Staff housing property lost in legal limbo; Nunavut Housing Corp. seeks tax relief
Housing corporation assumed ownership, but city says Métis corporation owes $336,271 tax bill
A dispute over a big property tax bill on a 21-unit staff housing property now controlled by the Nunavut Housing Corp. remains unresolved, following a meeting of the City of Iqaluit’s finance committee Sept. 18.
At the meeting, city councillors flatly refused to consider a request from the Nunavut Housing Corp. to forgive almost a third of the $336,271 in tax arrears owing on the property.
Although the housing corporation controls the property, it’s still listed on city tax records as being owned by the NWT Métis Development Corp.

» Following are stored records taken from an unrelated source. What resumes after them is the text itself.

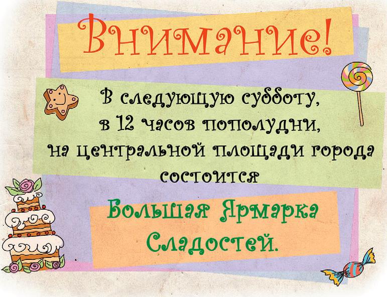 В следующую субботу, в двенадцать часов пополудни, на центральной площади города состоится Большая ярмарка сладостей.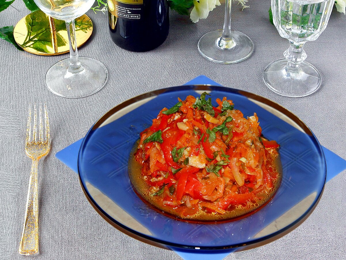 Такой салат можно заготовить на зиму в большом количестве, а не только приготовить на один раз. Продукты Томаты - 3 шт. Лук - 2 шт. Перец сладкий - 5 шт. Морковь - 3 шт. Корень петрушки с зеленью - 1/2 шт.* Соль - 1 ч. л. Сахар - 1/2 ст. л. Уксус - 1 ст. л. Душистый перец - 3 - 4 горошины Лавровый лист - 1 шт. Чеснок - 3 дольки Растительное масло *заменила на 1 пакетик (20 г) сухого корня петрушки + зелень петрушки Приготовление 1. Томаты предварительно пропустить через мясорубку, натереть на тёрке или мелко порезать. Установить программу «Жарка-Овощи» или «Мультиповар» на 140 градусов. Налить и нагреть растительное масло. Положить и обжарить лук до золотистого цвета. 2. Добавить остальные овощи, коренья, соль, сахар, уксус, перец и лавровый лист. Довести до кипения и подержать так 3 минуты, затем программу выключить. Овощи перемешать. Установить программу «Мультиповар» на 20 минут, температура 100 градусов или «Подогрев» на полчаса. 3. После сигнала выдавить в салат чеснок. Перемеша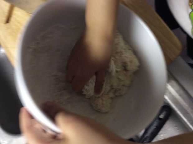 10. volcar la masa, doblarla y empuje hacia abajo otra vez.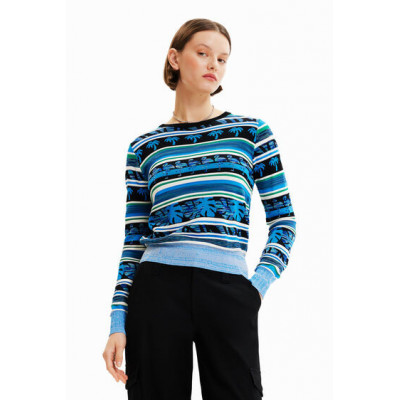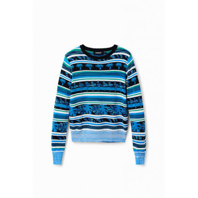 Pull à manches longues en maille à rayures, agrémenté de frises à motifs tropicaux.

That’s because ownership of the lease for the land the buildings sit on has not been completely transferred to the NHC.
The property comprises three buildings on Apex Rd., just past a city water booster station.
“Mr. Chairman, I think they’re trying to take advantage of us,” city councillor Simon Nattaq told the committee chair, Coun. Romeyn Stevenson, at the Sept. 18 meeting.

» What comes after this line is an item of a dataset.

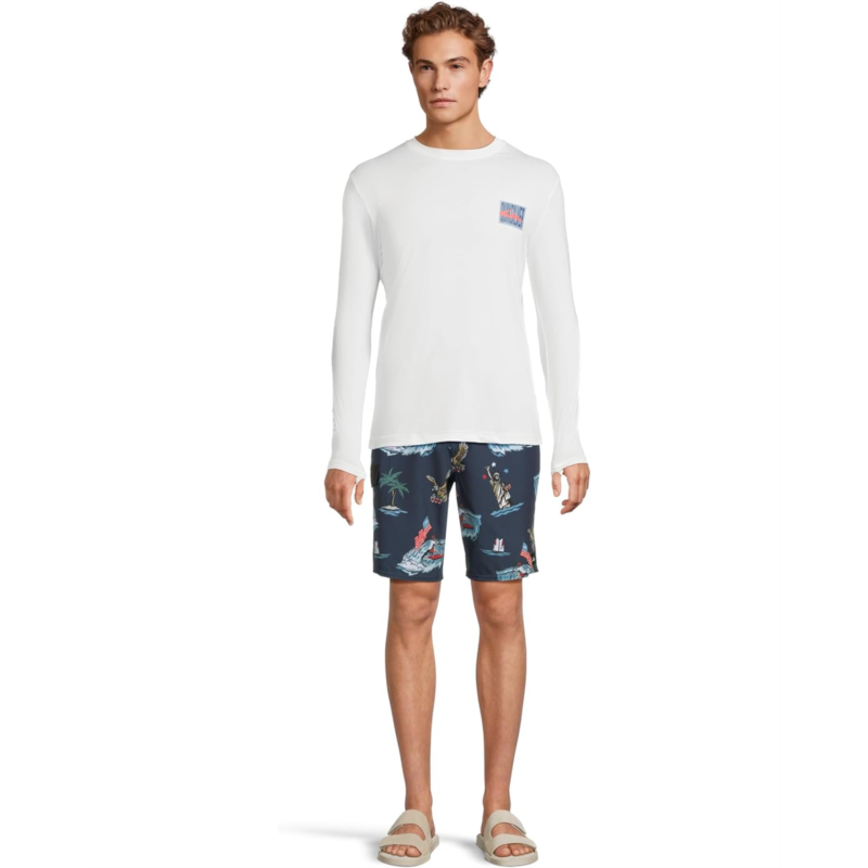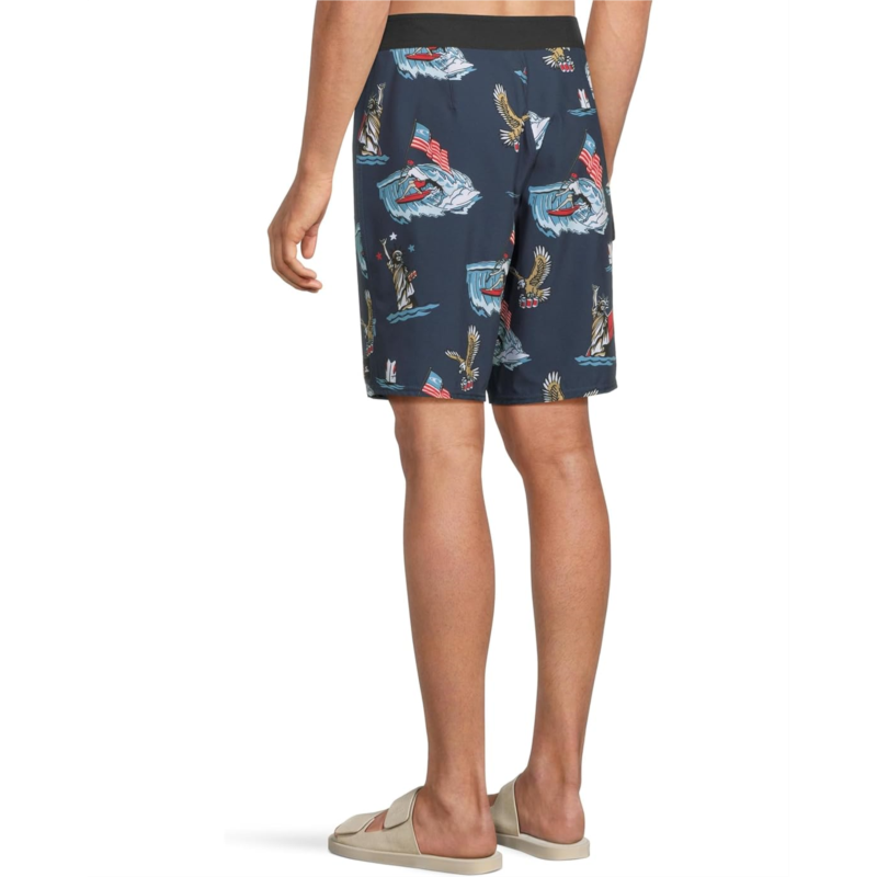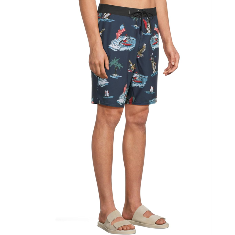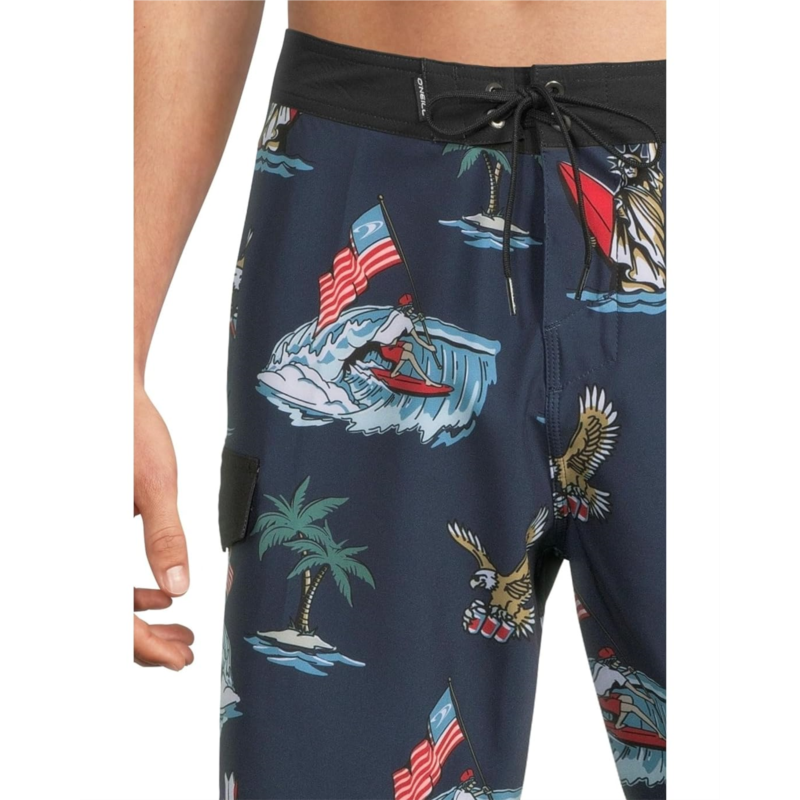 The O''Neill Lennox USA 20'' boardshorts are built for the modern adventurer who craves comfort, performance, and standout style. Featuring bold printed designs and a secure drawstring closure, these trunks are all about making moves with confidence. Crafted from O''Neill Blue four-way stretch fabric infused with recycled fibers, they offer eco-conscious flexibility that moves with you. Stay light and dry thanks to O''Neill Hyperdry DWR technology, designed for ultra-fast water resistance. The side pocket adds convenience, while rash-free Hyperthread ensures smooth, chafe-free wear from sunrise surf to sunset chill.

Councillors concluded the Housing Corp’s request does not follow territorial law and procedures, and that the corporation was never properly listed as the owner of the lot and buildings.

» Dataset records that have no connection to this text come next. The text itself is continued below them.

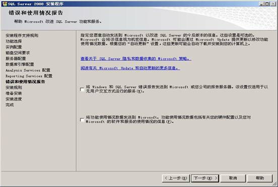 39.Reporting Services (報(bào)表服務(wù))包含用于創(chuàng)建和發(fā)布報(bào)表及報(bào)表模型的圖形工具和向?qū)В挥糜诠芾?/SPAN> Reporting Services 的報(bào)表服務(wù)器管理工具;以及用于對(duì) Reporting Services 對(duì)象模型進(jìn)行編程和擴(kuò)展的應(yīng)用程序編程接口。選擇“安裝本機(jī)模式默認(rèn)配置”,點(diǎn)擊【下一步】,出現(xiàn)錯(cuò)誤和使用情況報(bào)告的界面,如下圖所示: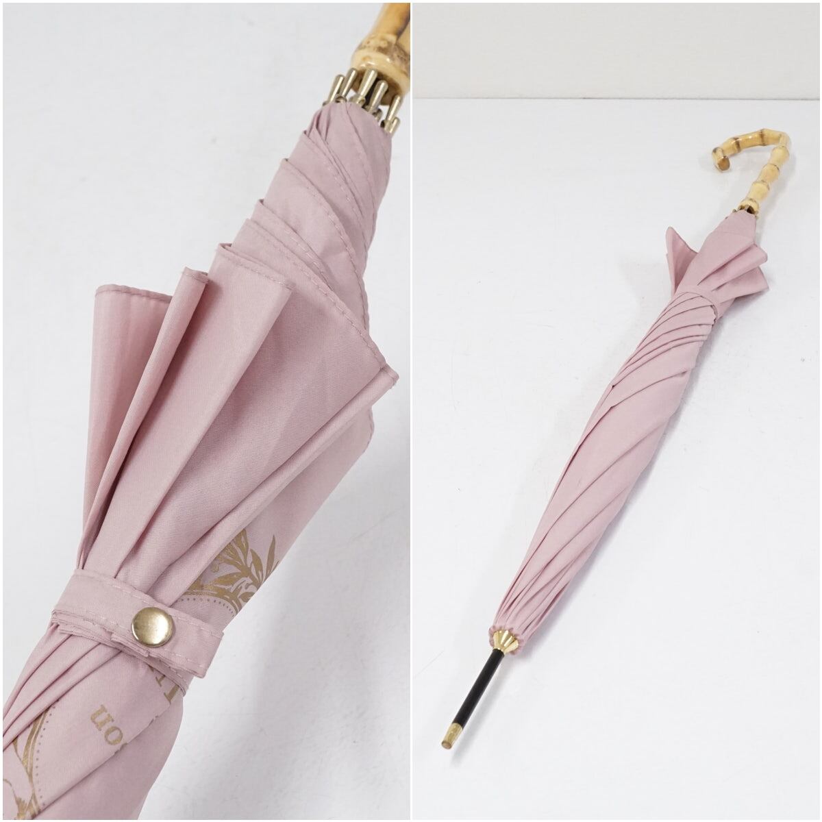 傘 Maison de FLEUR メゾンドフルール USED品 晴雨兼用 エンブレムプリント ピンク 深張り バンブーハンドル グラス骨 60cm A3089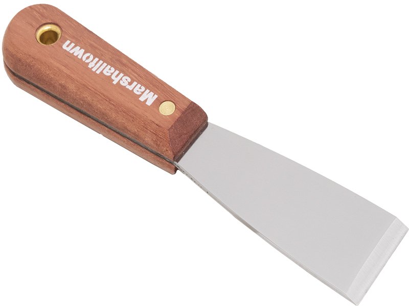 Vielseitiger Marshalltown Fugenspachtel aus flexiblem Stahl für Spachteln, Abschaben, Tapeten entfernen und mehr. Durchgehendes Blatt bis in den Griff. Aufhängeloch für einfache Aufbewahrung. Widerstandsfähiger Palisanderholzgriff. Maße: 184×38 mm.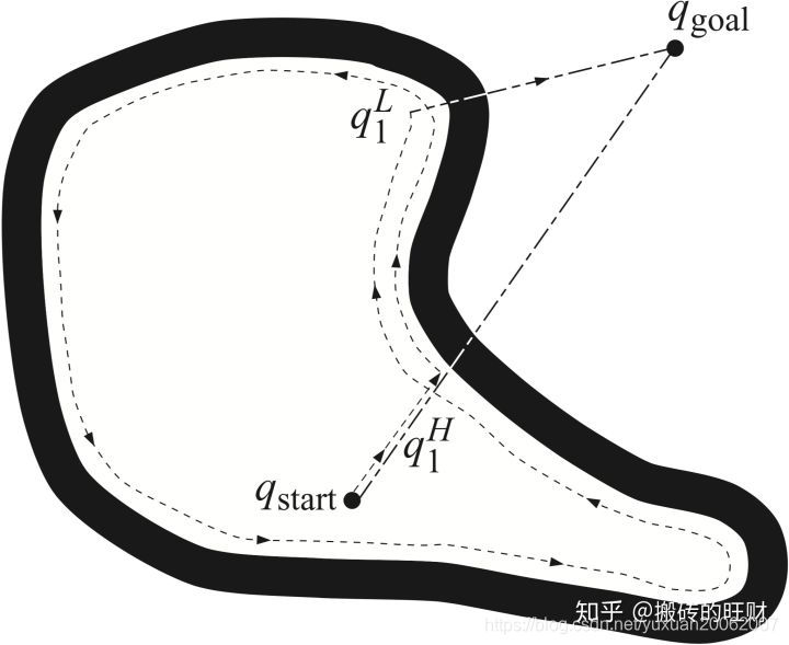 点是机器人探索距离在障碍物边界上的局部极小点。机器人开始沿着障碍物边界进行环绕,图中虚线路径就是机器人环绕障碍物时所走的路径。当机器人探测到与目标距离相比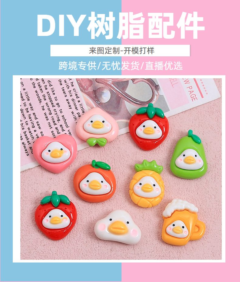 크리 에이 티브 오리 파인애플 과일 만화 수제 diy 크림 접착제 수지 액세서리 작은 액세서리 쥬얼리 재료 도매스토어 가기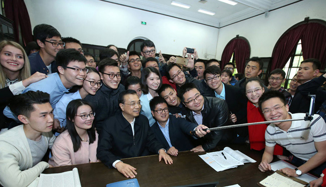 听了总理的寄语,现场响起了热烈的掌声。大家纷纷拿出自拍杆和手机想要与总理自拍,总理高兴地答应了同学们的要求。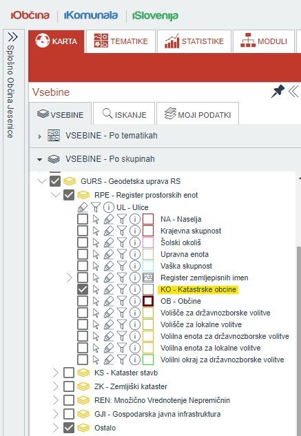 Omenjena vsebina (sloj) se nahaja v podmapi  GURS -> Geodetska uprava RS -> RPE – Register prostorskih enot -> KO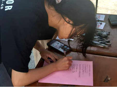 活动当天,志愿者们提前布置场地,整齐摆放好红色信纸、定制书签等奖品。参与者需在信纸上书写对母亲的祝福,或当场编辑感恩短信发送至母亲手机,完成后即可领取奖品。这一设计打破员工“爱在心口难开”的羞涩,以“仪式感”推动情感表达。“平时很少对妈妈说‘我爱你’,今天借活动机会发短信,妈妈回复说很惊喜,也对我说了‘我爱你’”,一名参与员工分享道。

The committee drafted a motion to refuse the request, which they passed unanimously.
The Housing Corp. told the city in January of 2012 that, contrary to the city’s tax records, the NWT Métis Development Corp. no longer owns the land, because their lease had expired.
The NWT Métis Development Corp. still appears to exist, but the company does not appear to have a website. Public registry information lists its address as 5125 50th Street in Yellowknife.
Normally, governments and government agencies don’t pay property tax on buildings they own on municipal land. Instead, they pay grants in lieu of taxes.
But private businesses that own property leased to government do pay property taxes.
In the case of the Métis corporation, it’s not clear when ownership of the building and responsibility for the lot lease transferred from the private company to the NHC.
The city first heard of a possible transfer of ownership of the property from Métis Development to the Housing Corp. in an email from an NHC lawyer in 2006, according to Jennifer Catarino, Iqaluit’s acting director of planning and development.
Records that show the Métis corporation’s lease on the land expired in 2007.
This, according to the NHC, means tax arrears on the property, unpaid by the Métis corporation, have fallen into their lap.
The accumulated arrears, which include years of compounded interest, amount to $336,271.83. That’s the third highest in the city’s list of about 60 property owners who owe tax arrears exceeding $500.
The NHC has asked the city to forgive an amount of $105,056 from the total.
That figure, according to the city’s lands administrator Amanda Wells, represents “penalties that were charged against the taxes.”
“Each month there’s a one per cent compounded interest,” Wells told the committee.
This interest on unpaid taxes accumulated over years, starting at some unknown time when the Métis corporation owned the building.
The NHC did their own calculation on how much of that figure represents the actual tax owing and how much represents interest penalties, Wells said.
The NHC also claims the city is at fault for not properly informing them of lease arrangements on the land.
The request, which Catarino presented to the committee for discussion, left councillors baffled.
Catarino pointed out that it contravened Nunavut’s Consolidation of Property Assessment and Taxation Act.
John Mabberi-Mudonyi, the city’s senior director of corporate services, agreed.
“We cannot go against the act,” he said.
Iqaluit’s property tax arrears totalled more than $2,323,000, as of July 11, 2013.
Only two properties owe more than the amount listed to the NWT Métis Development Corporation. Those two amounted to about $558,000 and $436,000, respectively.